(A) HeLa cells were transfected with Ctrl siRNA, with four pooled (Pre)miRNAs [ (Pre)miR-15b, (Pre)miR-24, (Pre)miR-25, and (Pre)miR-141] or with four pooled (AS)miRNAs [(AS)miR-15b, (AS)miR-24, (AS)miR-25, and (AS)miR-141]. 48 hours later, MKK4 and GAPDH as a loading control were assessed by Western blot analysis. (B) Analysis of polysome profiles in cells transfected as described in (A). (C) Distribution of the mRNAs for MKK4 (left) and GAPDH (right) on polysome gradients prepared from the transfection groups described in panel A. (D and E) WI-38 cells of intermediate passage (Pdl 39) were transfected as described in (A). 48 hours later, MKK4 was assessed by Western blot analysis (D) and MKK4 mRNA distribution on polysome gradients was determined (E).

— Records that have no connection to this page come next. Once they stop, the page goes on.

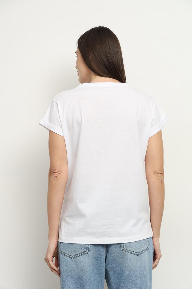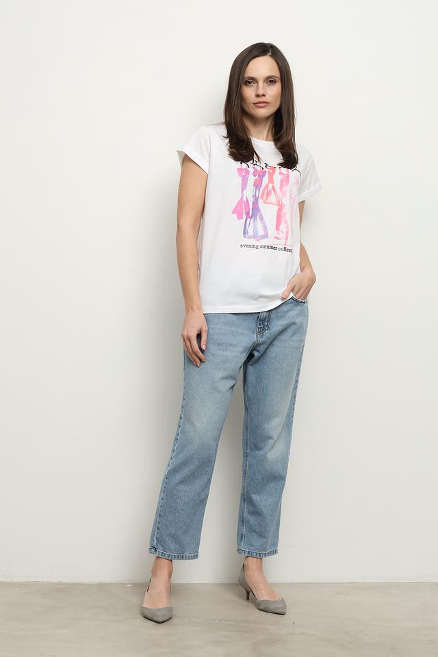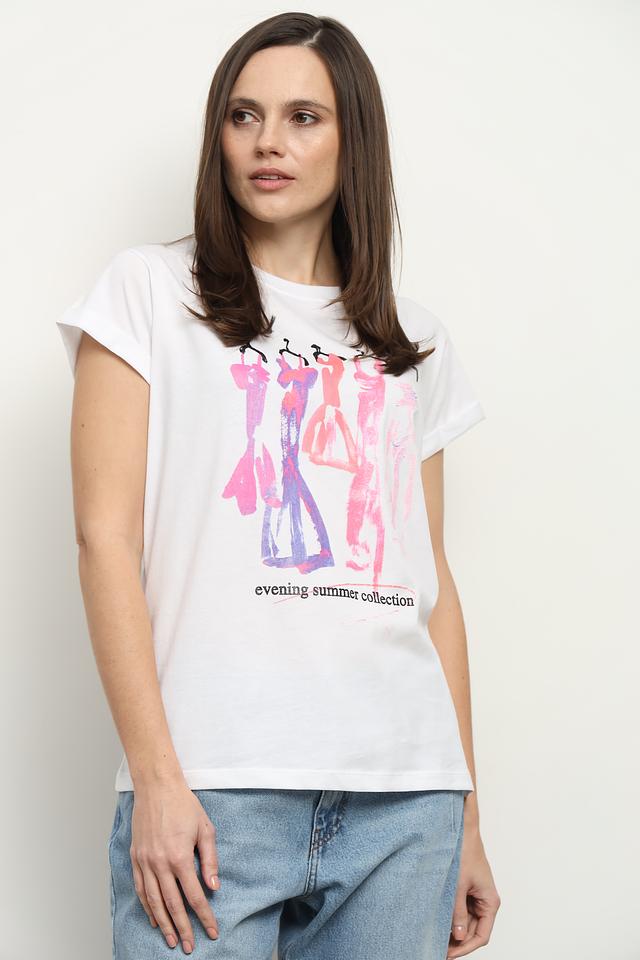 Женская футболка Icona белого цвета с ярким принтом в стиле летней коллекции. Изготовлена из 100% хлопка, обеспечивающего комфорт и воздухопроницаемость. Стильный и удобный вариант для повседневного образа. Состав: хлопок 100%
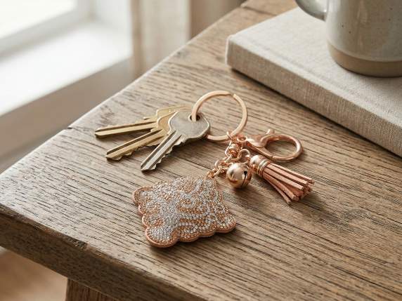 Charm a portachiavi design Albero della Vita con strass, nappina pendenti
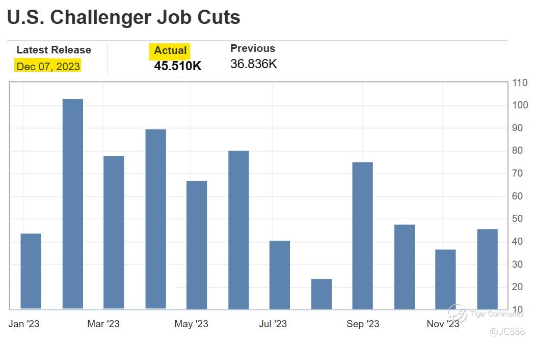 Planned layoffs in November 2023, was 45,510 jobs lost.

MKK4 signals were quantified by densitometry from 3 Western blots (A and D).

(A to C) ³H-thymidine incorporation was measured 48 hours after cotransfection of HeLa cells with control siRNA or Pre(miRNAs) and (A) pFLAG or pFLAG-MKK4 plasmids or (B) control or MKK4 siRNA. The abundance of MKK4, FLAG-MKK4, and the loading control GAPDH was determined by Western blot analysis and densitometry (C). (D) Quantification of MKK4 by Western blot analysis and densitometry (top) and ³H-thymidine incorporation (graph) 48 hours after transfection of WI-38 cells of intermediate Pdl (Pdl 39) with the small RNAs shown. (E) Phase-contrast micrographs of cells from the transfection groups described in (D). Scale bars, 50 μm (A and E). Data represent SEM from 3 independent experiments (A, B, and D). Western blots are representative of 3 independent experiments (C and D). *, p<0.05. Statistical significance was determined by ANOVA followed by Tukey multiple comparisons test.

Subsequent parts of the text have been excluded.